Там, в промозглом утреннем холоде, я читал вслух известную сказку "Шат и Дон". Её Толстой написал для назидательной народной азбуки, да только назидательность превратилась в что-то большее, и глубокомысленность заиграла новыми красками.
Сказка была невелика, и оттого я был похож на полкового священника, бормочущего перед строем короткую молитву.
Меж тем, звучало это так: "У старика Ивана было два сына: Шат Иваныч и Дон Иваныч. Шат Иваныч был старший брат; он был сильнее и больше, а Дон Иваныч был меньший и был меньше и слабее. Отец показал каждому дорогу и велел им слушаться. Шат Иваныч не послушался отца и не пошел по показанной дороге, сбился с пути и пропал. А Дон Иваныч слушал отца и шёл туда, куда отец приказывал. Зато он прошёл всю Россию и стал славен.
В Тульской губернии, в Епифанском уезде, есть деревня "Иван-озеро", и в самой деревне есть озеро. Из озера вытекают в разные стороны два ручья. Один ручей так узок, что через него перешагнуть можно. Этот ручей называют Дон. Другой ручеек широкий, и его называют Шат.

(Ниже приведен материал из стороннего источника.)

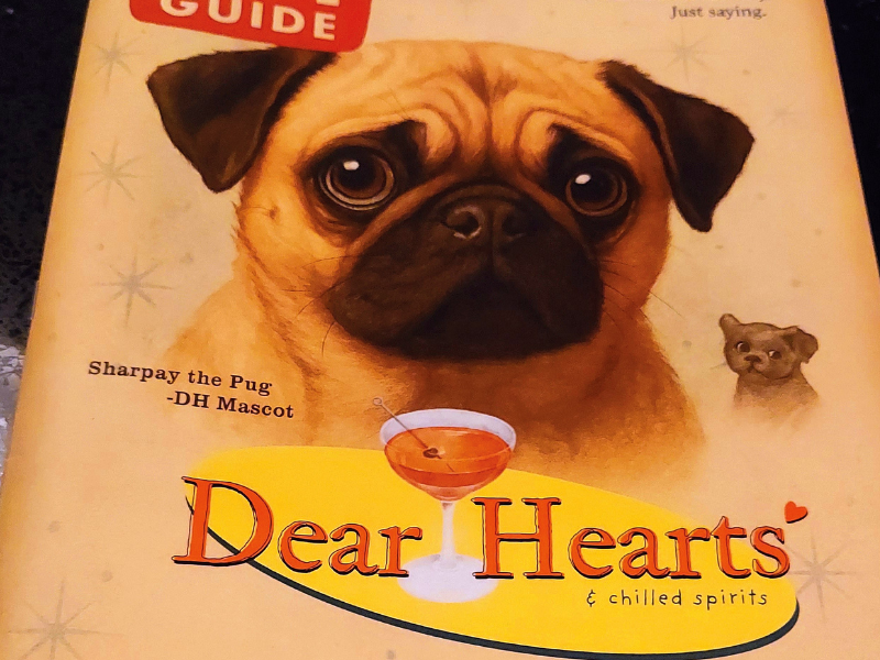 But silly gaffs and 1950s aesthetics are not the dominant ideas behind Yee’s establishment. Dear Hearts is lovingly dedicated to the founder’s late pug Sharpay Evans Yee (after the High School Musical trilogy’s blonde diva, the “best character ever”, according to Yee), whose likeness can be found in every nook and cranny — from her close-up shot on the collage wall to plushies and figurines on every surface, and even the owner’s tie. Beneath the comedic bits, one feels a powerful sense of sentimentality and compassion to be the dictating undercurrent of this bar. As the menu, stamped with Sharpay’s face, reads: “This bar runs on her spirit: warm welcomes, occasional sass and a soft spot for anyone just trying to make it through the day.” The pet-friendly space also allows small to mid-sized critters, and is home to the handsome resident kitty, Lee Hom.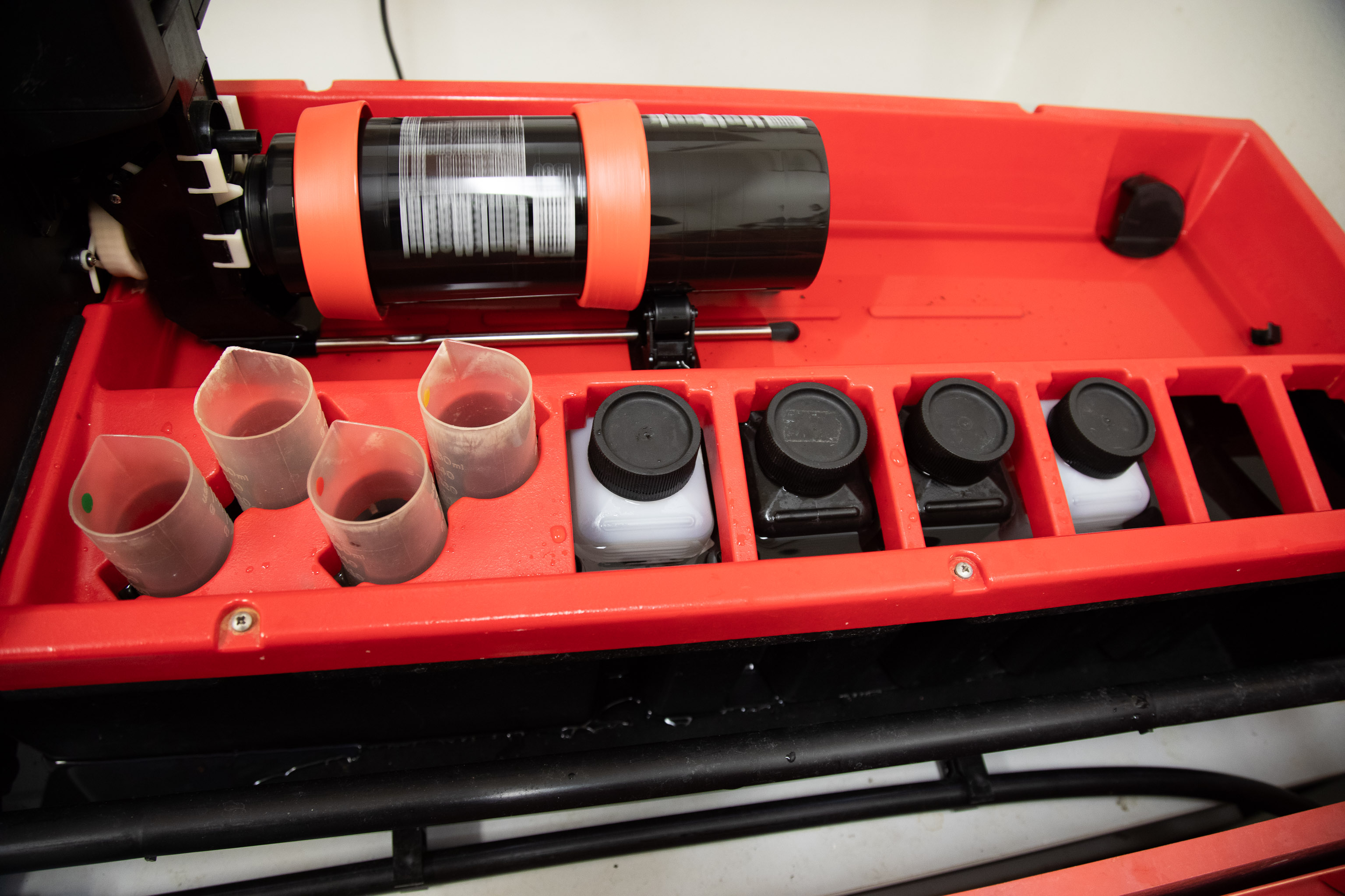 Fill the Jobo with water until the level reaches the center of the roller holder.

Дон идет все прямо, и чем дальше он идет, тем шире становится.
Шат вертится с одной стороны на другую. Дон прошел через всю Россию и впал в Азовское море. В нём много рыбы, и по нём ходят барки и пароходы.
Шат зашатался, не вышел из Тульской губернии и впал в реку Упу".

Мы доехали до странного места, что называлось Бобрики.
История эта была давняя, связанная с графом Бобринским, додуманной железной маской среднерусских равнин. Незаконнорожденный отпрыск императрицы прожил не очень долгую и не очень счастливую жизнь в этих местах. И был похоронен вдали от гранитных берегов Невы.
Мы нашли семейный склеп - в парке среди тленного советского отдыха - тропинок и фонарей. Склеп был разорён, но всё же сохранял благородство. Эта ротонда-склеп Бобринских, что стоит посреди паркового пространства, не сохранившего ничего от давнего прошлого, кроме направления тропинок, а от недавнего прошлого - только остовы советских парковых фонарей.
Ротонда напоминала стакан, вросший в землю.
Местность шла вниз, валилась всё круче, и Краевед стал уверять, что там, дальше - и есть Дон.
- Ампирный гриф строения с помощью Ренесансной реплики попал в подкорку к Дону, - сказал он важно.
Я нервно закурил.
Друзья мои снова забормотали у меня над ухом:
- Движение на полдень.
- Дырка с юга.
Это были тайные разговоры алхимиков. Архитектор с Краеведом просто заместили споры о противостоянии Меркурия Венере спорами о меридианах и параллелях. Север приближался к югу, восток сходился с западом.
Москва была новым Киевом. Рим был отставлен навек, и из него была подпёрта хомяковская базилика и регалии кесаря.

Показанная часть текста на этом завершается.